Cloud-gaming:Analysis of Google Stadia traffic

TL;DR

This paper analyzes Google Stadia's cloud gaming traffic, revealing its characteristics, protocol usage, and how it adapts to network changes, providing insights for network planning and resource management.

Contribution

It offers a comprehensive traffic measurement and analysis of Stadia, including protocol identification, traffic patterns, and a traffic model for simulations, which is novel in cloud gaming research.

Findings

Stadia traffic involves specific protocols for signaling and media content.

Traffic patterns vary with game type, resolution, and codec.

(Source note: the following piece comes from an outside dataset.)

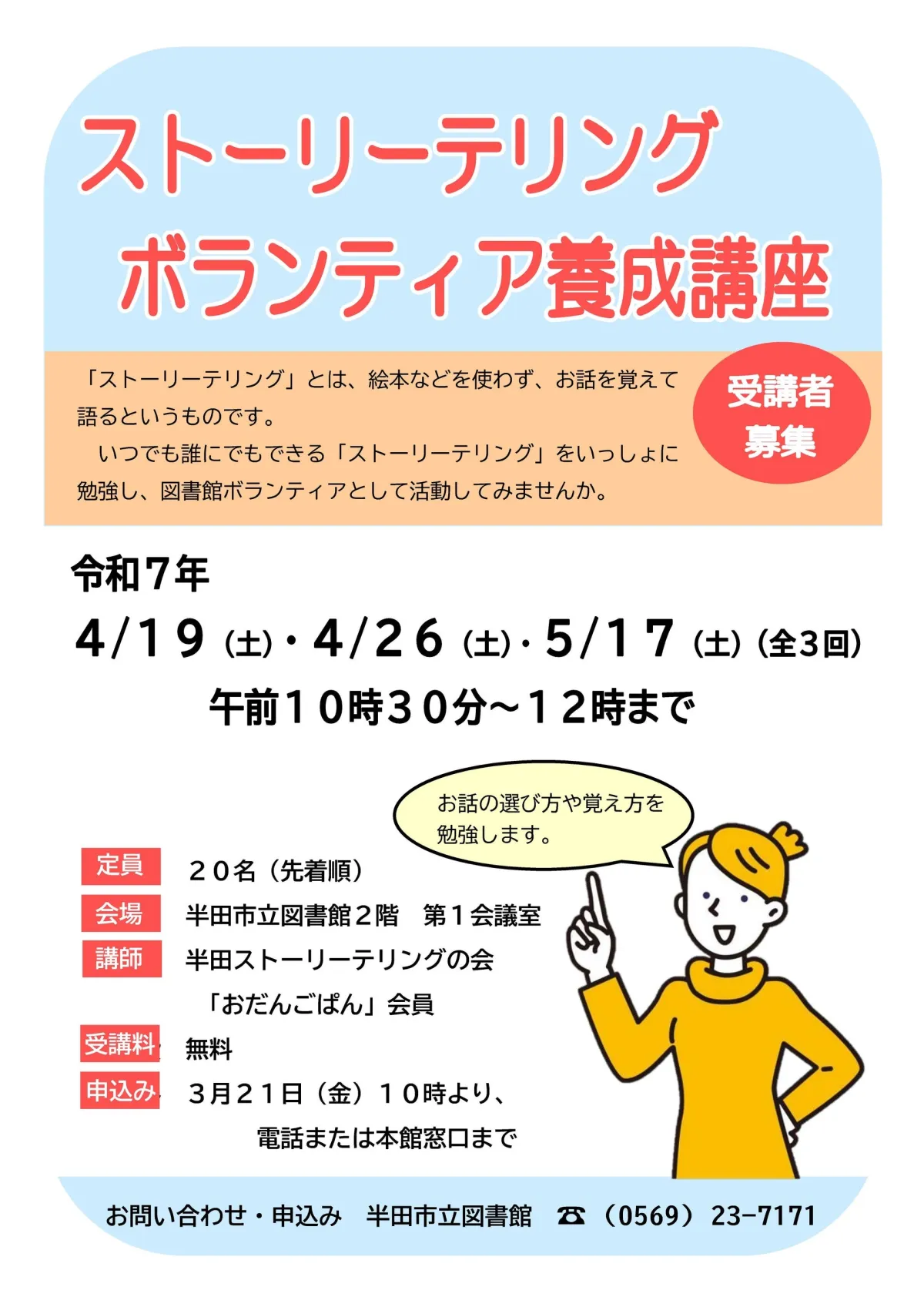 - - 対象: ストーリーテリングに興味があり、ボランティアとして活動を希望する方(定員20名、受講料は無料)

Stadia adapts to network capacity changes and exhibits distinct characteristics from other streaming services.

Abstract

Interactive, real-time, and high-quality cloud video games pose a serious challenge to the Internet due to simultaneous high-throughput and low round trip delay requirements. In this paper, we investigate the traffic characteristics of Stadia, the cloud-gaming solution from Google, which is likely to become one of the dominant players in the gaming sector. To do that, we design several experiments, and perform an extensive traffic measurement campaign to obtain all required data. Our first goal is to gather a deep understanding of Stadia traffic characteristics by identifying the different protocols involved for both signalling and video/audio contents, the traffic generation patterns, and the packet size and inter-packet time probability distributions. Then, our second goal is to understand how different Stadia games and configurations, such as the video codec and the video resolution selected, impact on the characteristics of the generated traffic. We also evaluate the ability of Stadia to adapt to different link capacity conditions, including cases where the capacity drops suddenly, as well as sudden increases in the network latency. Our results and findings, besides illustrating the characteristics of Stadia traffic, are also valuable for planning and dimensioning future networks, as well as for designing new resource management strategies. Finally, we compare Stadia traffic to other video streaming applications, showcasing the main differences between them, and introduce a traffic model using our captures. We show that this model can be used in simulations to further investigate the network performance in presence of Stadia traffic.